这里我操作的是选举数据,目前的数据格式如下。包括视觉和编码示例(虽然视觉有点浓缩)。此外,值已从其原始值进行了编辑。
# Representative Example
library(tidyverse)
test.df <- tibble(yr=rep(1956),mn=rep(11),
sub=rep("Alabama"),
unit_type=rep("County"),
unit_name=c("Autauga","Baldwin","Barbour"),
TotalVotes=c(1000,2000,3000),
RepVotes=c(500,1000,1500),
RepCandidate=rep("Eisenhower"),
DemVotes=c(500,1000,1500),
DemCandidate=rep("Stevenson"),
ThirdVotes=c(0,0,0),
ThirdCandidate=rep("Uncommitted"),
RepVotesTotalPerc=rep(50.00),
DemVotesTotalPerc=rep(50.00),
ThirdVotesTotalPerc=rep(0.00)
)
----------------------------------------------------------------------------------------------------
yr | mn | sub | unit_type | unit_name | TotalVotes | RepVotes | RepCan | DemVotes | DemCan
----------------------------------------------------------------------------------------------------
1956 11 Alabama County Autauga 1000 500 EisenHower 500 Stevenson
----------------------------------------------------------------------------------------------------
1956 11 Alabama County Baldwin 2000 1000 EisenHower 1000 Stevenson
----------------------------------------------------------------------------------------------------
1956 11 Alabama County Barbour 3000 2000 EisenHower 2000 Stevenson
----------------------------------------------------------------------------------------------------
我正在尝试获得如下所示的 table:
----------------------------------------------------------------------------------------------------
yr | mn | sub | unit_type | unit_name | pty_n | can | TotalVotes | CanVotes
----------------------------------------------------------------------------------------------------
1956 11 Alabama County Autauga Republican Eisenhower 1000 500
----------------------------------------------------------------------------------------------------
1956 11 Alabama County Autauga Democrat Stevenson 1000 500
----------------------------------------------------------------------------------------------------
1956 11 Alabama County Autauga Independent Uncommitted 1000 0
----------------------------------------------------------------------------------------------------
# and etc. for other counties in example (Baldwin, Barbour, etc)

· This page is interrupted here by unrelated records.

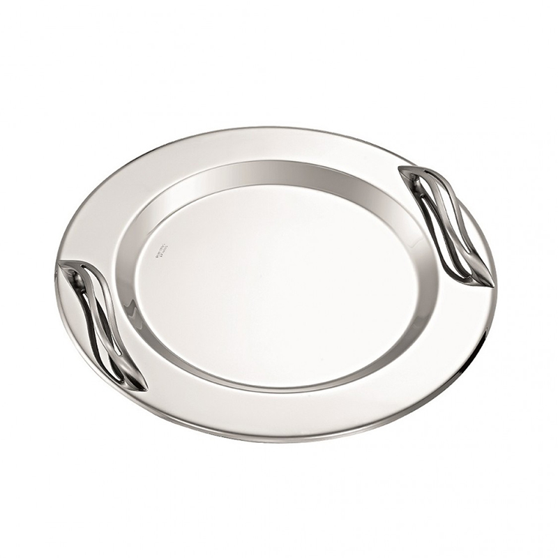 Δίσκος Γάμου Στρογγυλός Inox με Χερούλια Silver Swirl
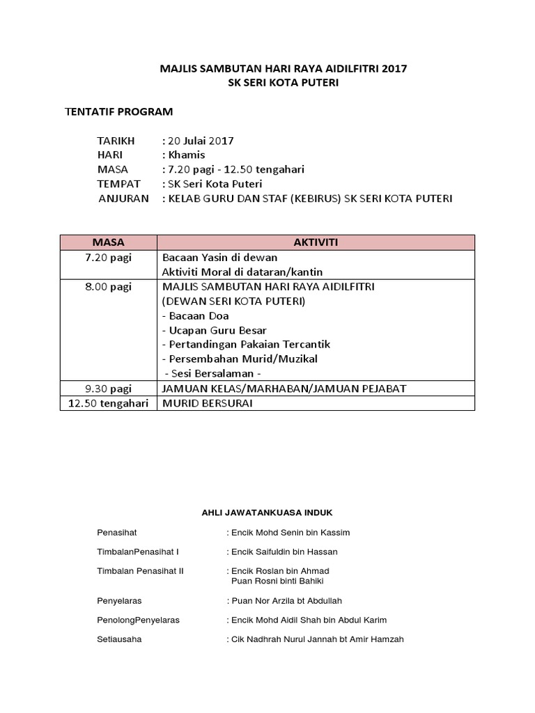 Kertas Kerja Majlis Sambutan Hari Raya Skskp 2017 Pdf
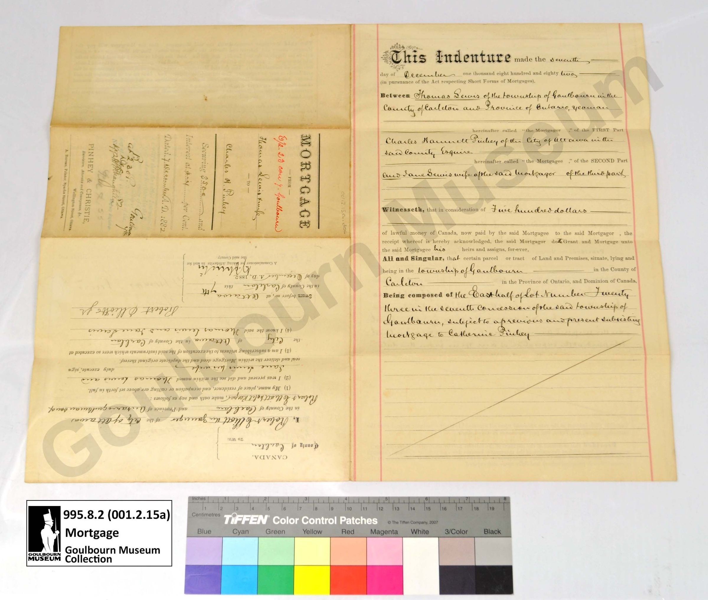 Folded paper Mortgage document for land identified as East half lot 23 concession 7, Goulbourn Township. The property is transferred from Thomas Lewis & Wife to Charles H. Pinhey. Securing $500 and interest at six percent. Dated 7 December A.D. 1882.Collection
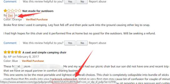 1:首先在对应的listing上找到那个差review,鼠标定位在By后面客户的名字上面,我们可以看到在网页的底下有一个链接profile和ref中间的那一串字符就是buyer ID(如下图所示),找到buyer ID就好办啦。
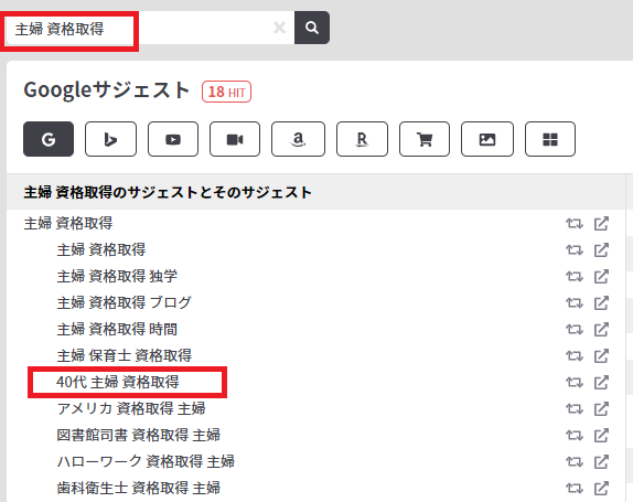 では、SEOキーワードの選定方法ですが、資格アフィリエイトで、あなたが選定したターゲットを主婦とした場合のSEO対策キーワードを抽出してみましょう!
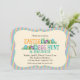 This bracket shaped invitations features and graphic of the colourful Easter eggs hidden in blades of green grass with the text: Easter Egg Hunt & Brunch. The background is a trendy stripe pattern using orange, teal and purple. Customisable text allows you to add your details.
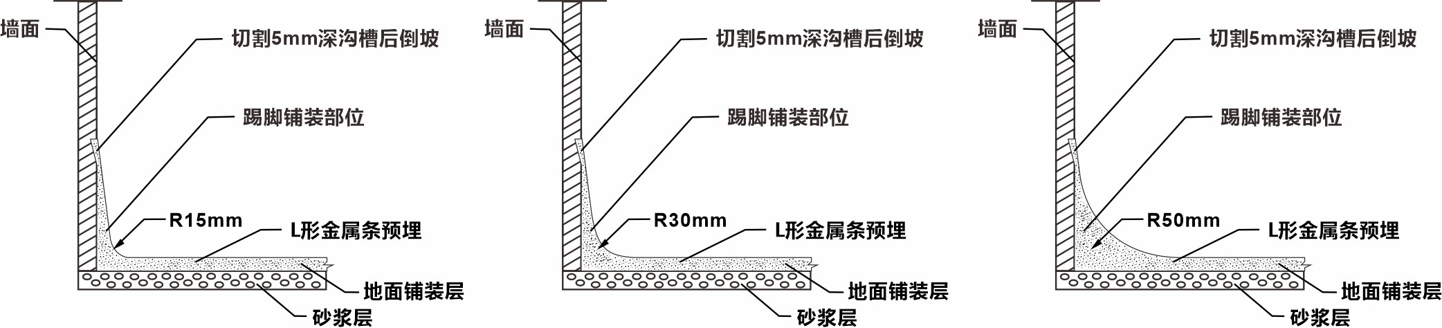 彩砂地坪最好的視覺效果和功能需要,這里需要做一些額外的努力,可以鋪裝出整潔的圓弧踢腳線,一個漂亮的圓弧踢腳線代表著優秀的施工工藝。(下圖表示出環氧彩砂地坪在踢腳線和立柱及設備基礎處收邊方法,用到的鏝刀規格分別是R15mm、R30mm、R50mm)。
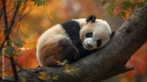 © suja, Obraz premium Cuddly panda cub napping on tree branch
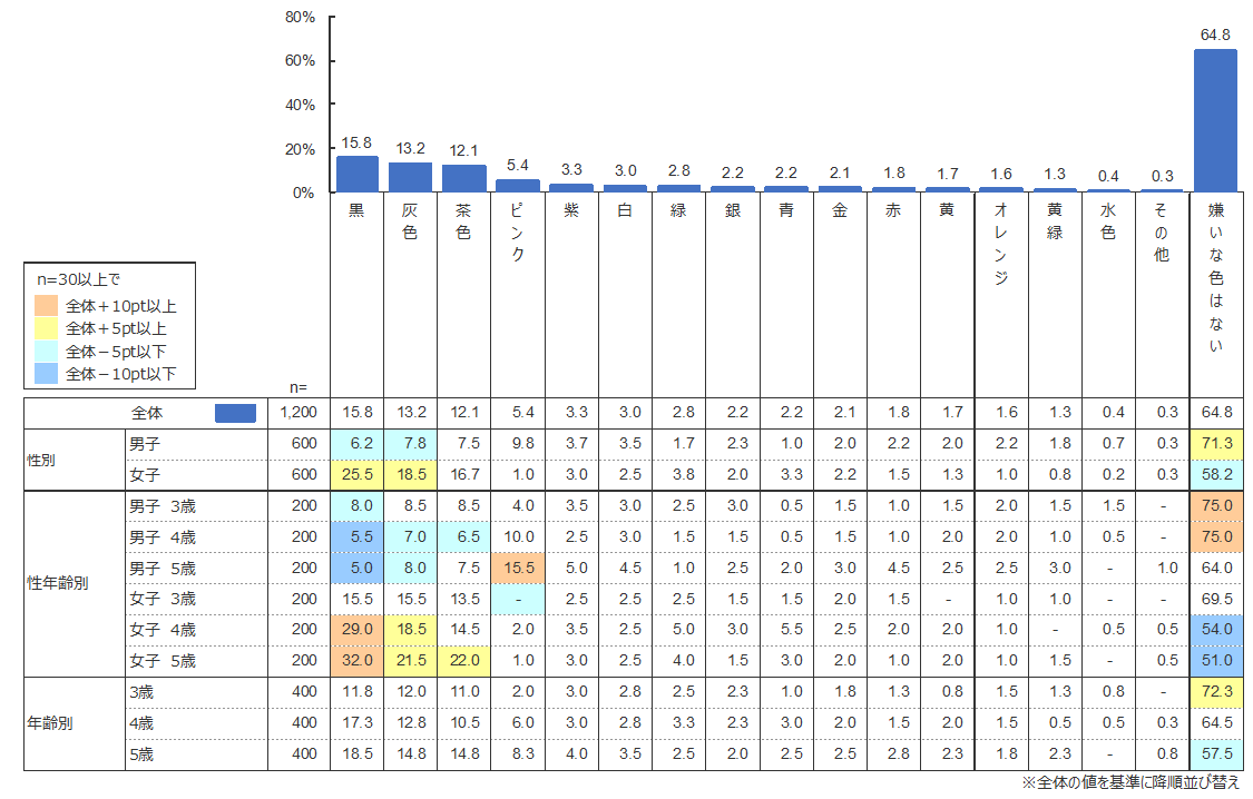 嫌いな色として「黒」「灰色」「茶色」を挙げた4・5歳女子の割合は同年齢の男子に比べて高いことから、女子の方が年齢が上がるにつれて嫌いな色へのこだわりが強くなることがうかがえる。
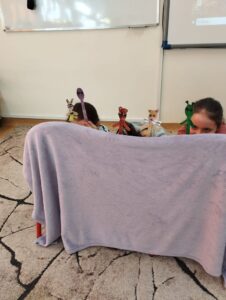 Podczas zajęć w klasach 2a i 2b, których tematem był teatr lalek, uczniowie poznali jego historię oraz różne rodzaje lalek teatralnych, m.in. pacynki i kukiełki. Następnie samodzielnie wykonali własne lalki, rozwijając przy tym kreatywność oraz zdolności manualne. Zwieńczeniem zajęć było odegranie przez uczniów krótkich, przygotowanych przez siebie scenek, w których wcielili się w rolę aktorów teatru lalek.

如您所见,我非常希望每个县有三个观察值,候选人都在一栏中,而他们各自的选票则在另一栏中(CanVotes
,等等)。
我曾尝试使用 pivot_longer()
或 spread()
之类的东西,但我很难在代码中将它们可视化。如果能重新调整我的数据以获得候选列,同时移动其余数据,我们将不胜感激!
这是一个解决方案,首先使用 pivot_longer
将投票转换为长格式。然后我使用 mutate
和 case_when
将以前的列名称替换为实际的候选名称并删除单个候选列:
long_table <- pivot_longer(test.df,
cols = c(RepVotes, DemVotes, ThirdVotes),
names_to = "pty_n",
values_to = "CanVotes") %>%
mutate(can = case_when(
pty_n == "RepVotes" ~ RepCandidate,
pty_n == "DemVotes" ~ DemCandidate,
pty_n == "ThirdVotes" ~ ThirdCandidate
),
pty_n = case_when(
pty_n == "RepVotes" ~ "Republican",
pty_n == "DemVotes" ~ "Democrat",
pty_n == "ThirdVotes" ~ "Independent"
)) %>%
select(-c(RepCandidate, DemCandidate, ThirdCandidate))
# A tibble: 9 x 12
yr mn sub unit_type unit_name TotalVotes RepVotesTotalPerc DemVotesTotalPerc ThirdVotesTotalPe~ pty_n CanVotes can
<dbl> <dbl> <chr> <chr> <chr> <dbl> <dbl> <dbl> <dbl> <chr> <dbl> <chr>
1 1956 11 Alabama County Autauga 1000 50 50 0 Republican 500 Eisenhower
2 1956 11 Alabama County Autauga 1000 50 50 0 Democrat 500 Stevenson
3 1956 11 Alabama County Autauga 1000 50 50 0 Independe~ 0 Uncommitt~
4 1956 11 Alabama County Baldwin 2000 50 50 0 Republican 1000 Eisenhower
5 1956 11 Alabama County Baldwin 2000 50 50 0 Democrat 1000 Stevenson
6 1956 11 Alabama County Baldwin 2000 50 50 0 Independe~ 0 Uncommitt~
7 1956 11 Alabama County Barbour 3000 50 50 0 Republican 1500 Eisenhower
8 1956 11 Alabama County Barbour 3000 50 50 0 Democrat 1500 Stevenson
9 1956 11 Alabama County Barbour 3000 50 50 0 Independe~ 0 Uncommitt~
我尝试构建自定义 spec
,但名称似乎必须从列名派生,不能直接以其他列为条件。
这里是data.table
做事
library( data.table )
#convert data to the data.table-format
setDT( test.df )
#get the different paries to update the variable balter in
parties <- gsub( "Candidate", "", grep( "^.*Candidate$", names( test.df ), value = TRUE ) )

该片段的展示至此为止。